Let me explain how I wired the battery. I left all of the original battery connections in tact - I didn't touch them at all. I installed the stock aux. battery tray I bought from GM (about $25.00) and mounted a OEM Delco battery on it. You will also need the clamp that holds the battery down and the bolt that holds the clamp to the tray. Installation was very easy and straight forward. Using bulk "Monster Cable" brand 4 gauge wire that I purchased from a car stereo shop, I wired the positive side of the aux. battery directly to the starter. The stock battery is directly conntected to the starter as well. There is a 13mm nut holding on the stock battery positive cable to the starter. I removed the nut, slipped on the 4 guage wire going to the aux battery (which I put a "Monster cable" brand 4 guage ring terminal on the end) and put the stock nut back on. I then wired the negative side of the auxillary battery to a bolt located in the front passenger side of the engine block.

Using this setup the batteries are directly connected (in parallel) to each other at all times. This setup was extremely easy and required minimal technical ability. I use the truck for plowing and do not need the isolation setup for accessories. I need both batteries on at all times.
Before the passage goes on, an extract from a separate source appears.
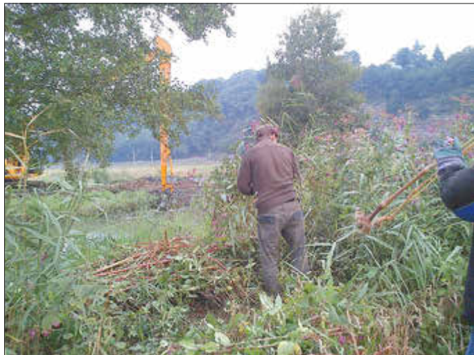
Bild: Baggerarbeiten gegen Verlandung zum Erhalt der Schröders Lache, weitere Beseitigung des Indischen Springkrautes. Dieses entwickelte sich Bundesweit zum Problem heimischer Pflanzen.

Auch war es völlig neu für die Vorstände der Vereine der alten Bundesländer das in den Vereinen der neuen Bundesländer in den Jahreshauptversammlungen Anfang des Jahres Jahresportpläne für das laufende Jahr beschlossen wurden. Planwirtschaft noch immer ala DDR, war es das, was so die Vorstände der alten Bundesländer hierzu empfanden?

It's a great mod - especially since it's only $150 (less if you don't buy a Delco battery) I would highly recommend this anybody with a plow.

Hope this helps.

-Greg


----------



## streetsurfin' (Jan 22, 2004)

It sounds like you have the wrong idea of what an isolater does. That's fine that you chose not to use one, though. Isolating them will let them drain seperately. It would allow you to use one battery for plowing while using the other for the truck. Each will charge at independant rates as needed. Should you develop a problem with the plow, that used more juice than you could replace, you'd still have some life left in the truck battery to keep you going. In the same case without an isolator, both batteries would be drained.


----------



## Turfmower (Dec 20, 2003)

You don't need an isolator, its for running lights and such on campers so you don't kill you starting battery. 
For plowing hook both battery positive to positive and hook the ground of the new 2nd battery to the frame. You will get the power from both batteries to run your plow/salter.


----------



## BigRedBarn (Jan 4, 2003)

I have the dual battery set up from the factory and find it works fine. I went with 2 batteries as my old truck had trouble powering the plow and the lights and and and. 

I guess I'd use the isolator if I did the installation myself, too. If the main battery goes dead you can always do a jump start off of your second battery, right?
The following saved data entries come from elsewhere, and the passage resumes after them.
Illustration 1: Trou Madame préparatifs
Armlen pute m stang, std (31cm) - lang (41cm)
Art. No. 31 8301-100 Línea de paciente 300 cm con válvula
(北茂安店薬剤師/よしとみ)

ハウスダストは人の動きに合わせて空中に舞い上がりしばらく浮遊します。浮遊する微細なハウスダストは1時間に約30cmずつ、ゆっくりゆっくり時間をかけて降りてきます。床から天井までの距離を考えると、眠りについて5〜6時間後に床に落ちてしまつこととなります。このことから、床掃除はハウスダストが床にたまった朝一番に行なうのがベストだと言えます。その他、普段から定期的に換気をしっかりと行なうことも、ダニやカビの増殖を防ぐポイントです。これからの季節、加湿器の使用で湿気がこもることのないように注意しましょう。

I do find that the 2-battery truck seems to do a lot more battery charging (per the voltage gauge) after start up, especially if the truck's been sitting for a few days. If I turn on the lights, and have the heater switch set to a defrost mode (where the a/c compressor runs?), it seems like the serpetine belt squeals a bit, especially in really cold or in really damp weather. 

That's just my 2¢.


----------



## TLS (Jan 31, 2000)

gcsupraman,

While in essence you _did_ hook them up in parallel. However, I would suggest just running a 4 gauge (or even heavier would be better) wire from POSITIVE + of original battery to the POSITIVE + of the new battery in the $25 aux battery tray. Your method, though seldom used does the same thing.
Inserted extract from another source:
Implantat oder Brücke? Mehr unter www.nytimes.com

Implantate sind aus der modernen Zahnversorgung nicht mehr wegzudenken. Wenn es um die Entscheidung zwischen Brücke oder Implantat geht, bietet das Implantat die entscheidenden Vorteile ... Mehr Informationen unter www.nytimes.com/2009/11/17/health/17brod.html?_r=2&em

I will be doing the same thing (have battery tray mounted, removed fender brace and sheet metal bolt lip) I even have a heavy cable made. Just need to go buy 2 new Optima red tops as they have side AND top mounted posts. I'll hook the parallel connector up to the top posts and all accessories up to the side posts.

I took pictures during the installation of the tray, including removing the sheet metal tab and fender brace. I'll post a write-up as soon as I complete the whole package.

BigRedBarn,

The factory aux battery setup from GM isn't a Parallel system. It's designed for isolation and doesn't link the batteries in parallel for the heavy surges that plowing induce. You would benefit greatly from adding a cable from positive to positive and one from the aux to the block for the negative. Your truck will start much quicker, and you won't see that voltmeter struggling anymore.

GM needs to understand this and offer two types of hookups. One for camper guys that NEED isolation, and one for snowplowers who need the capacity of two batteries acting as one.


----------



## djd427 (Dec 19, 2004)

TLS,
pictures please. I already bought a gm tray but didn't get started on it yet. 1 question, The truck only has 1600 miles on it, do you think I should buy a delco to match or just buy 2 news ones?
Thanks Dave


----------



## GPB (Dec 17, 2003)

TLS,
I have the factory aux. battery in my 02 Chevy. The only time the battery is isolated is when the key is off. Turn the key on and both batterys are hooked together and available for plowing. If I happen to forget to shut my lights off, only 1 battery will discharge as long as the key is off. 
Why is this not a good set-up for plowing?


----------



## TLS (Jan 31, 2000)

GPB said:


> TLS,
> I have the factory aux. battery in my 02 Chevy. The only time the battery is isolated is when the key is off. Turn the key on and both batterys are hooked together and available for plowing. If I happen to forget to shut my lights off, only 1 battery will discharge as long as the key is off.
> Why is this not a good set-up for plowing?


I was unaware that they were like that on the NBS trucks from the factory. My '90 Chevy wasn't the hottest setup and only had tiny (8g) wires running to the isolation solenoid. I guess, if they are hooked up pretty stoudt now with 4g or better, then it would be OK. Just unnecessary IMO to have them unhooked when the trucks off. I like nice heavy cable running direct between them.

djd427,
If your happy with Delco batteries, then that would be your best choice. More importantly is the actual build date of the battery/truck more than the miles. Mine had been sitting on a lot for a while and I had already accumulated 4500 miles before I decided to go dual. The stock battery is wimpy anyway.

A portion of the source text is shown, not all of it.